To determine the voltage level for 8500 RPM we simply multiply the previous constant by 8500 RPM.

$8500 \text{ RPM}\,\cdot\, 5 \text{ mV/RPM} = 4.25 \text{ V}$

2. The resolution of an ADC is the smallest voltage that it can detect. This is typically expressed as V/LSB where LSB stands for least significant bit and is equivalent to the one. 0010 in binary is equal to two or two LSBs. To determine V/LSB we can simply divide the analog input voltage by the binary output value.

$\frac{20 \text{ mV}}{2 \text{ LSB}} = 10\text{ mV/LSB}$

Note that the input and output that you specified for this problem implied you were using a DAC, but the math works for either device.

3. I'm not sure what a binary inout or a proportionality factor is so I can't help you there.

4. You should be able to find this in your notes.
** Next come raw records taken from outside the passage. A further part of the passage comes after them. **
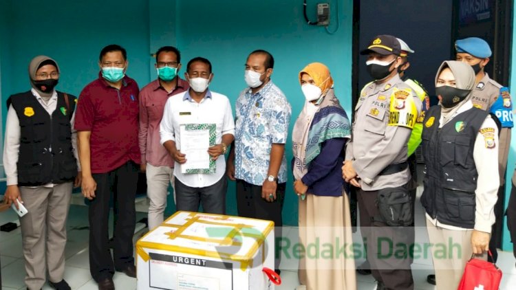 Morotai, RedaksiDaerah.com - 1.360 Vaksin Covid-19 telah tiba di Kabupaten Pulau Morotai dengan pengawalan ketat oleh TNI Polri Vaksin Covid-19 langsung disimpan di ruang penyimpanan Vaksin Kantor Dinas Kesehatan Pulau Morotai, Maluku Utara, Sabtu (06/02/21) pukul 08.30 WIT.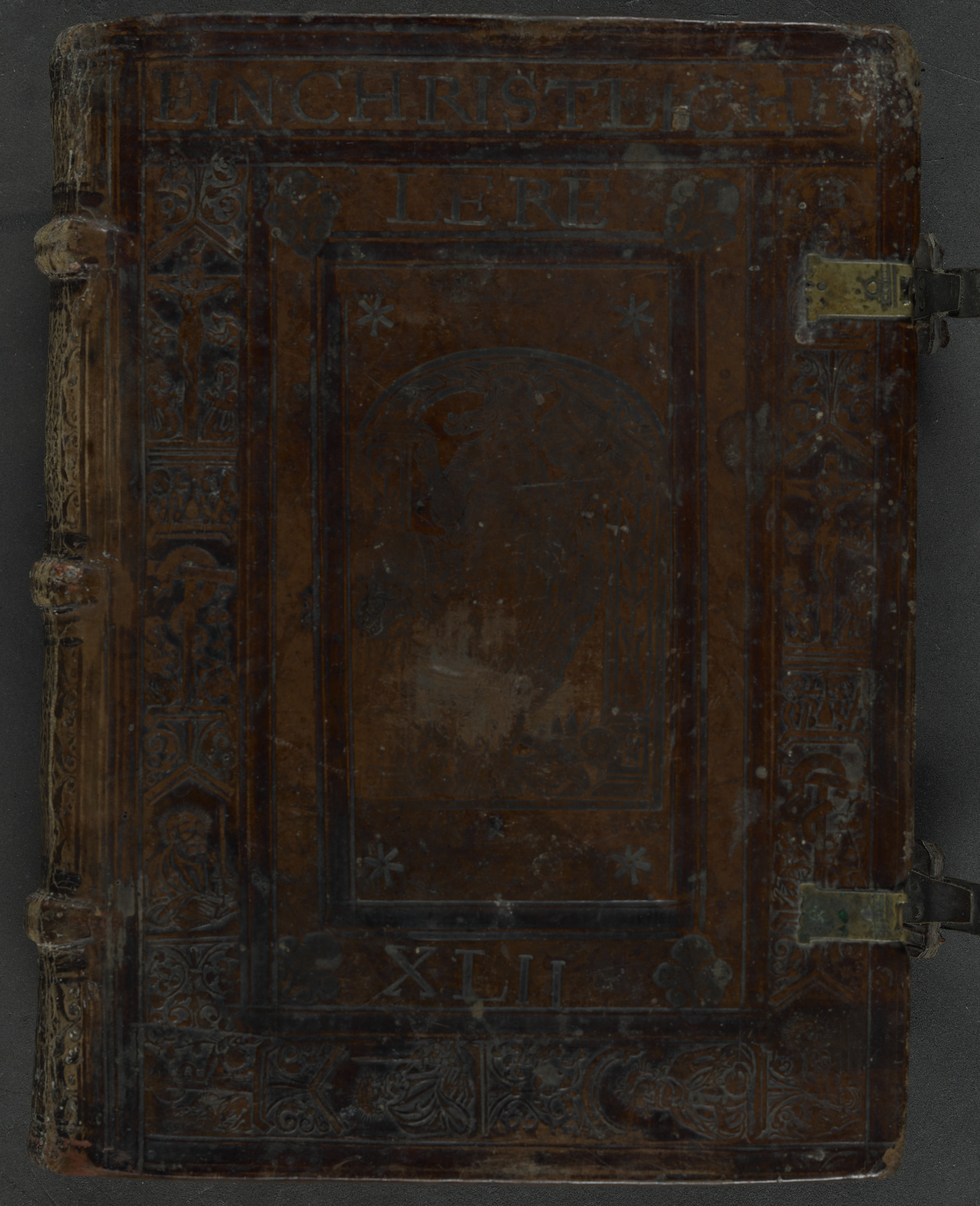 Summary: Defense of the Catholic doctrine of good works against the Protestant teaching of salvation by faith alone, written by the Dominican Johann Mensing.Signatures: A-2O⁴. Leaf A3 missigned A2, leaf 2D3 missigned 2D, leaf 2F3 missigned 2F2. Leaf XXII misnumbered XXIII, leaf LXXXVII misnumbered LXXXVIII. Last p. blank.Binding: Bound in panel-stamped, blind-tooled, dark brown calf over wooden boards, with brass clasps.Imprint: from VD16. Date of printing from colophon. Colophon: Volendet Anno 1535. Vicesima Ianuarij. Soli Deo honor et gloria--Leaf 143b.Additional Details: Errata on leaf CXLIIII at end. Old ms. notes.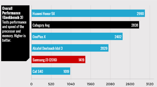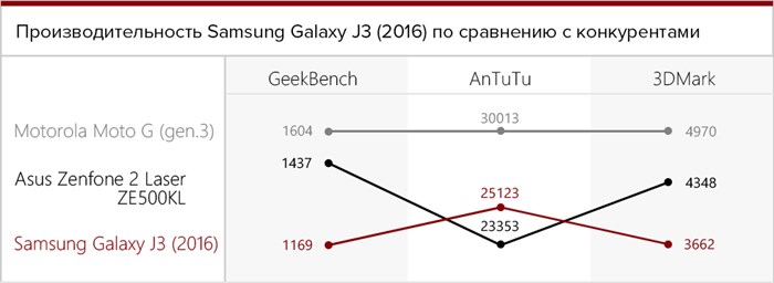 - В некоторых тестах Galaxy J3 показывает результаты более низкие, нежели его младшие собраться, например, Samsung Galaxy J1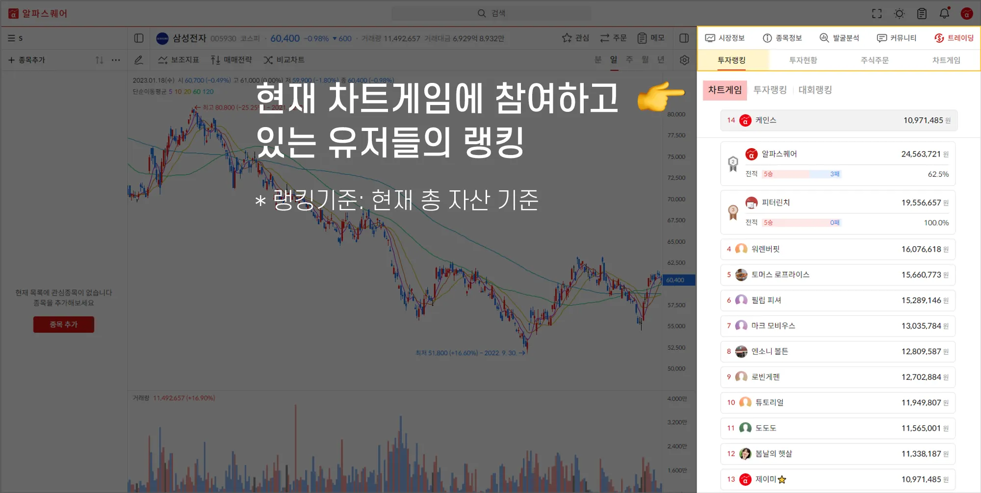 * 랭킹기준: 현재 총 자산 기준

I'm not sure what term your professor is looking for, but V/LSB is one answer.

Last edited: Jun 8, 2008
7. ### James4553 Thread Starter Active Member

Jun 7, 2008
35
0
That's great, thank you so much.

Is an ADC conversion both more complicated and more time consuming than a DAC conversion?

And for #3 'binary inout' is a typo. I meant to write 'binary input'.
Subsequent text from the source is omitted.